19.11.09

Open Letter Concerning Health Care Reform

November 19, 2009

Dear Editor,

Back in February, newly- inaugurated President Barack Obama signed into law a nearly-trillion dollar “stimulus” bill which he promised would create or save 3.5 to 4 million jobs. The president urged Congress to pass the bill without delay because of the urgency involved.

According to the president, the stimulus would revive the American economy and prevent unemployment from exceeding 8 percent.

Nine months later, America’s economy continues to hemorrhage jobs, and the national unemployment rate is 10.2 percent, which may actually be closer to 17 percent were the true number of out of work Americans known.

Clearly, the stimulus has failed to produce the promised results. In fact, because the bill has added to exploding federal deficits, many economists believe that the stimulus is, in and of itself, costing America jobs and hindering the prospects for economic recovery.

Unfortunately, the problem has been aggravated by the administration’s jobs creation data which have proven to be inaccurate and unreliable. Those data include claims for creation of jobs in non-existent congressional districts and other irregularities which overstate the actual number of jobs added or saved.

President Obama’s reaction has been to dismiss concerns about the data as of secondary importance by stating that accounting is an “inexact science” and that the focus should be on job growth, rather than details.

That argument begs the obvious question: How can one know when, and if, growth is achieved without accurate accounting data?

The president’s cavalier attitude toward accounting and accountability seems to have spilled over into the current debate over health care reform.

Indeed, the numbers used by President Obama and Democrat supporters simply do not add up!

For example, Democrats would have us believe that 30-40 million uninsured people can be added to the rolls of the insured while at the same time reducing health care costs and the deficit!

While optimism is always a virtue, this type of magical thinking must not be allowed to obscure the fiduciary responsibility that the president and Congress have to the American people.

Government run programs are notorious for being poorly managed and almost always produce huge budget overruns. One need only look at this nation’s bankrupt social security and Medicare entitlements to recognize this truth.

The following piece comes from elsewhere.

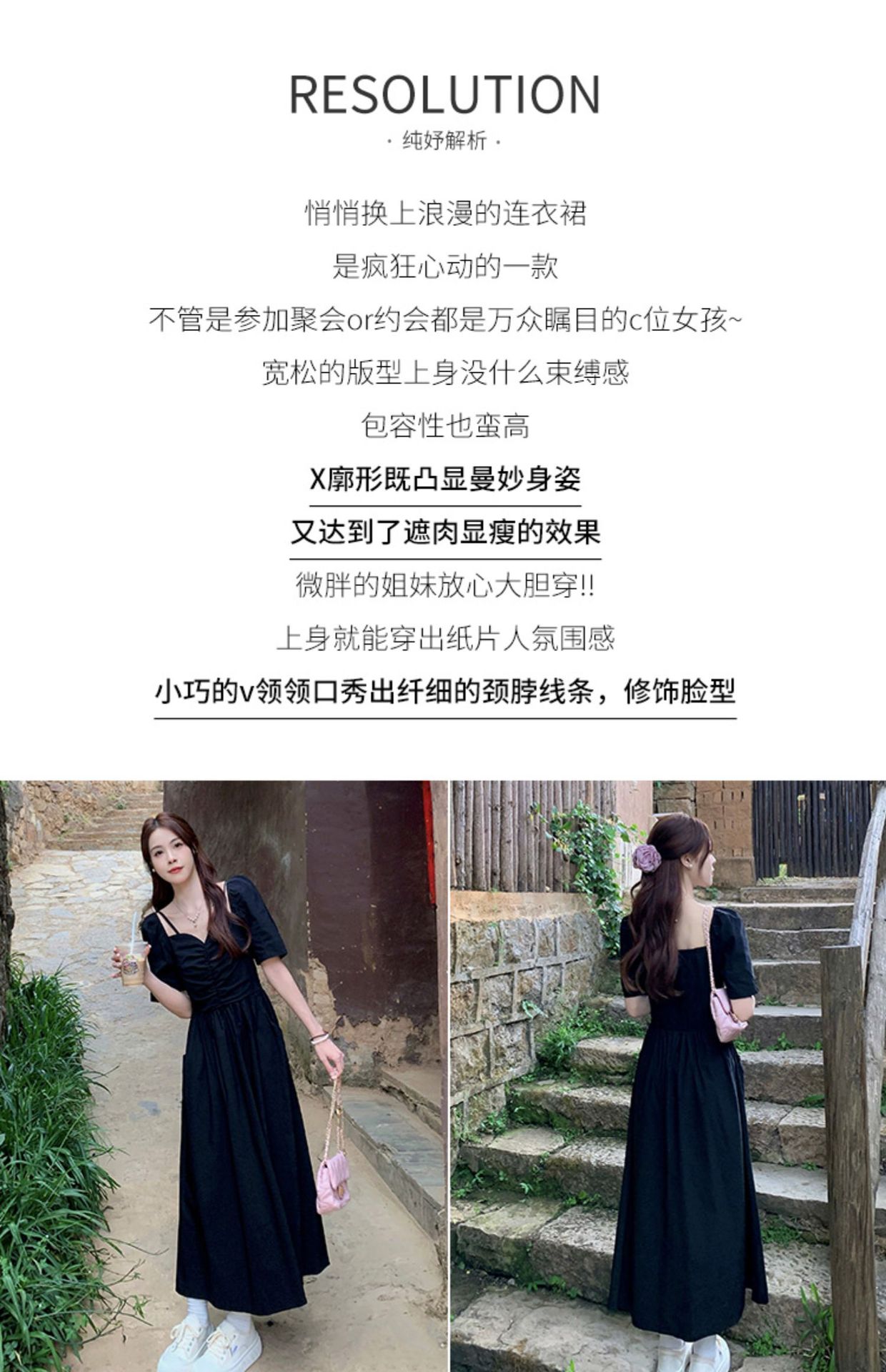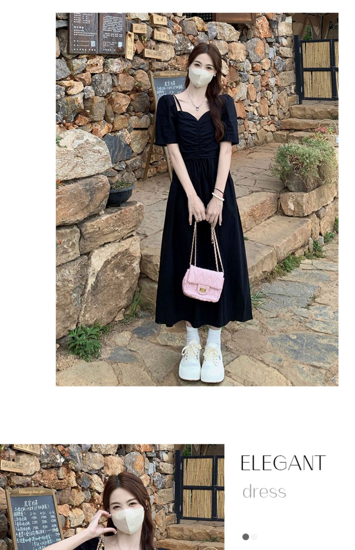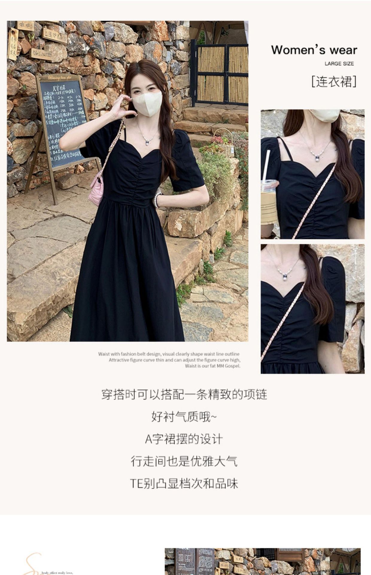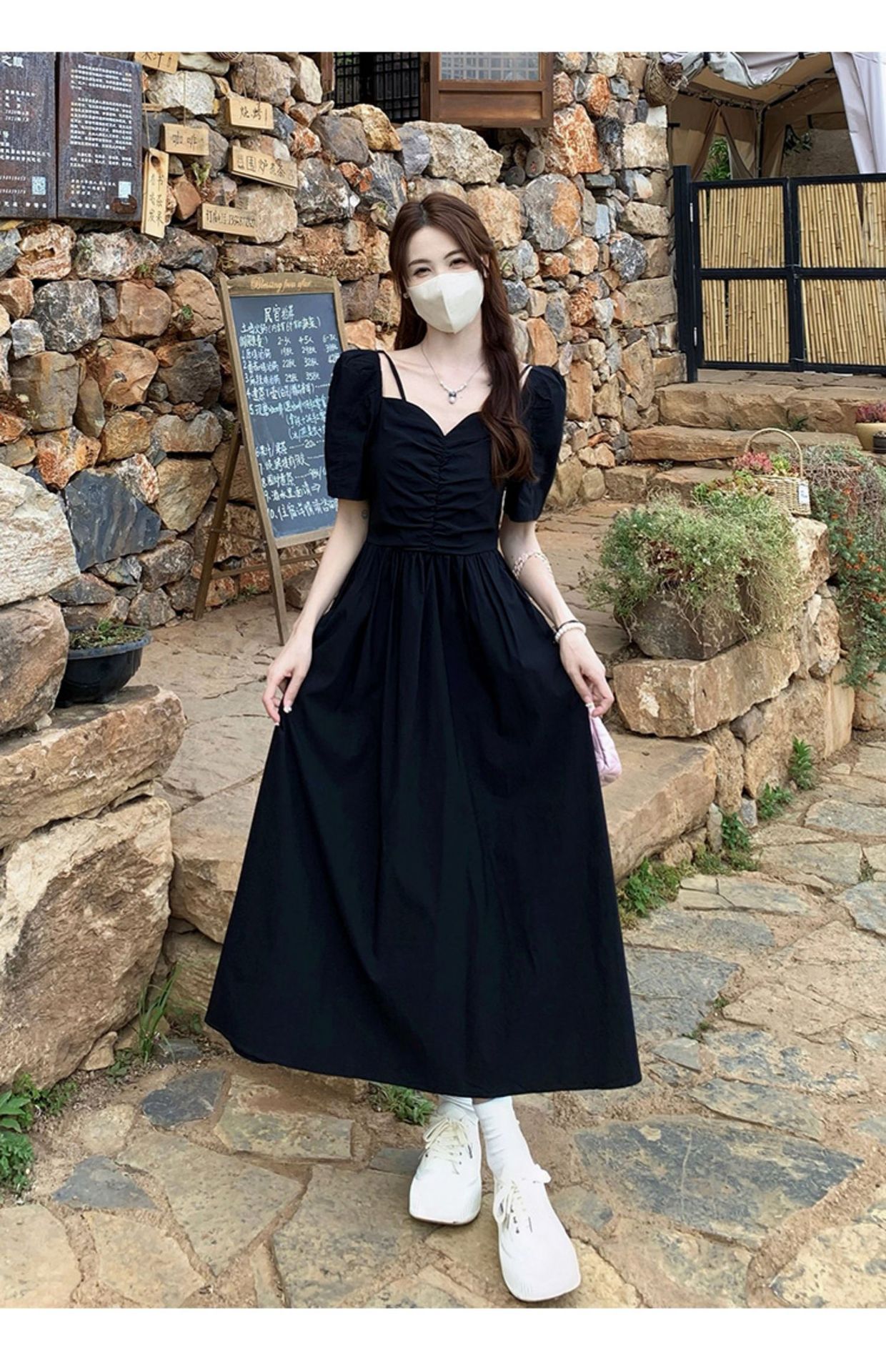 외국식 프라이드 스트리트 블랙 스퀘어 칼라 퍼프 슬리브 원피스 여성 여름 2025 새로운 프랑스 스타일 커피 브레이크 블랙 원피스 헵번 스타일

With America still in the clutches of economic disaster, we simply cannot afford another trillion-dollar miscalculation by politicians all too eager to ram socialized medicine down the throats on a skeptical public.

Health care reform as proposed by President Obama and Democrats is unworkable, illogical, unfair, imprudent, and perhaps even unconstitutional.

These proposals must be defeated for the health and well being of over 320 million Americans!